Famous Leonardo da Vinci copy is on display in Florence until 29 June, 2014

The Tavola Doria, a famous Leonardo da Vinci copy, is on display in Florence until 29 June, 2014. The Tavola Doria is a copy, created between 1503 and 1505 by an unidentified artist, of the central part of Leonardo's lost mural painting, The Battle of Anghiari. Leonardo began the work on the original fresco in roughly 1503, on a wall of the Salone dei Cinquecento in Palazzo Vecchio in Florence. However, as with many of his works, Leonardo never got around to finishing it. In 1563, the redecoration of the Salone was handed over to Giorgio Vasari and Leonardo's work was lost. (Some say it might still be preserved under Vasari's fresco, either painted over or on a wall behind the present wall.)

Tavola Doria copy of Leonardo da Vinci's Battle of Anghiari
The Tavola Doria, a copy of Leonardo da Vinci's Battle of Anghiari
The Tavola Doria was originally a part of the collection of the Doria d’Angria family of Naples who sold it in 1939. Although legally under the control of the Reale Soprintendenza alle Gallerie di Napoli, it left Naples in 1940 by clandestine means. In 2012, it was found in a bank vault in Switzerland, having been been sold in 1993 to the Tokyo Fuji Art Museum. The painting was donated to Italy under the condition that it be exhibited alternately for two years in Italy and for four years in Japan, during the next 25 years.
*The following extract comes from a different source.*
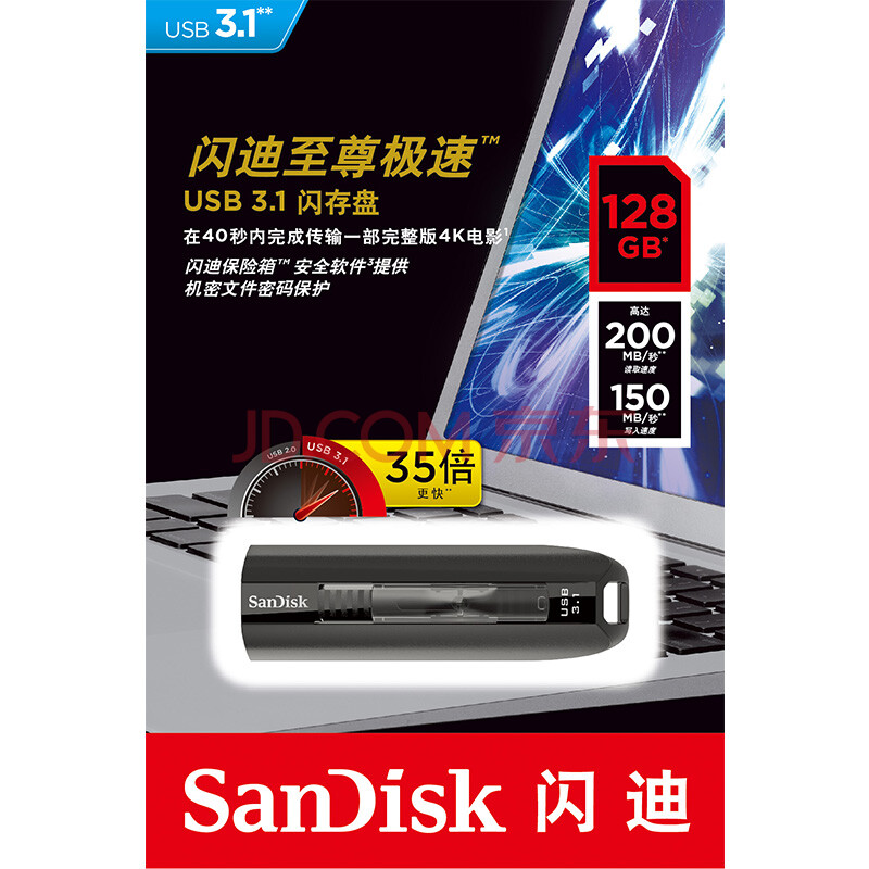闪迪(SanDisk)至尊极速USB3.1闪存盘 128GB(CZ800)

The painting has been attributed by some connoisseurs to Leonardo himself, and currently some finger prints on the painting are being analysed in an attempt to match them with prints on other Leonardo paintings.

From July 2014 it will be in Japan, but if you're visiting Florence before that date, you can see this compelling work in the Sala delle Carte Geografiche (Hall of Maps) of the Uffizi Gallery, together with two other copies of Leonardo’s works, Leda and the Swan and Madonna with Saint Anne, painted by unknown 16 C artists.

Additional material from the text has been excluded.